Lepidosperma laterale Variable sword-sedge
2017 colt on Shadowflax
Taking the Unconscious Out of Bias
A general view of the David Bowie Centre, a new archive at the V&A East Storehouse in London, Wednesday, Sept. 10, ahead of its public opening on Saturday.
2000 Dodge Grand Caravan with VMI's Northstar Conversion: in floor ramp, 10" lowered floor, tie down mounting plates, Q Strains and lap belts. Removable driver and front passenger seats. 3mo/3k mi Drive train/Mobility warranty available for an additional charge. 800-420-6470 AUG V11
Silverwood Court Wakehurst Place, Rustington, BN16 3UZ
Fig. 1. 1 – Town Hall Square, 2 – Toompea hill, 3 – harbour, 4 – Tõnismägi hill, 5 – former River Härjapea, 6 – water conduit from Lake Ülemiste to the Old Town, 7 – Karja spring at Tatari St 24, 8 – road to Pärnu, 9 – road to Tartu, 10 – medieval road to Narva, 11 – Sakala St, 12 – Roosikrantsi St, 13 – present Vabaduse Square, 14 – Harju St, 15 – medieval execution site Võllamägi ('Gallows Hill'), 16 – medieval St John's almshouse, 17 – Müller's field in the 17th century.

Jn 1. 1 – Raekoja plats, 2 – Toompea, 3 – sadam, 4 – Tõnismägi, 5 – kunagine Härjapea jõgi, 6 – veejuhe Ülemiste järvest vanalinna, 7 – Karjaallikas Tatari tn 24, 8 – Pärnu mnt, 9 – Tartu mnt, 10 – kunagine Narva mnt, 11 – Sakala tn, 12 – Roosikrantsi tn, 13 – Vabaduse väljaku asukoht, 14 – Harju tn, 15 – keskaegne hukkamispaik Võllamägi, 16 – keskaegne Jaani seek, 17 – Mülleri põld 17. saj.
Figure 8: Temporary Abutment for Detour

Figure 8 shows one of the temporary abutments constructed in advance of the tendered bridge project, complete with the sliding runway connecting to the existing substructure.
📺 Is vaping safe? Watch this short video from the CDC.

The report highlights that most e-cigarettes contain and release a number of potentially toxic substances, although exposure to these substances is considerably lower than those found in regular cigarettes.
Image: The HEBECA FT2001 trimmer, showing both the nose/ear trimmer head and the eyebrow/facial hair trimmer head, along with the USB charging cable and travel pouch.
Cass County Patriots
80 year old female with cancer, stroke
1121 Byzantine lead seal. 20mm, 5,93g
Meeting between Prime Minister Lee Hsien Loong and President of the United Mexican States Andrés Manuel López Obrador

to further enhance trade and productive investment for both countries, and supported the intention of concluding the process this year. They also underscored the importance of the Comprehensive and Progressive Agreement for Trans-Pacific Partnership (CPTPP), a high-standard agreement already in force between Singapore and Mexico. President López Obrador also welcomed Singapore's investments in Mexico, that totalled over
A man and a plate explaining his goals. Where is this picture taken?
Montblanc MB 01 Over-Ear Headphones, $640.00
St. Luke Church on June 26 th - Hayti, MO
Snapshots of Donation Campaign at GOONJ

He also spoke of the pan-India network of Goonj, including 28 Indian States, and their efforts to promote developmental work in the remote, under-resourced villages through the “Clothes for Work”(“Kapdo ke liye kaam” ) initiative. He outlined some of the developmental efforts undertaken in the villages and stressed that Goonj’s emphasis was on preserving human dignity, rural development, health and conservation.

# # # # # # #

Taking the listing above as the source, transcribe only the lines starting at the line with "The report highlights" and going through the line with "Cass County Patriots", unaltered and with both ends included.

_Answer section:_
The report highlights that most e-cigarettes contain and release a number of potentially toxic substances, although exposure to these substances is considerably lower than those found in regular cigarettes.
Image: The HEBECA FT2001 trimmer, showing both the nose/ear trimmer head and the eyebrow/facial hair trimmer head, along with the USB charging cable and travel pouch.
Cass County Patriots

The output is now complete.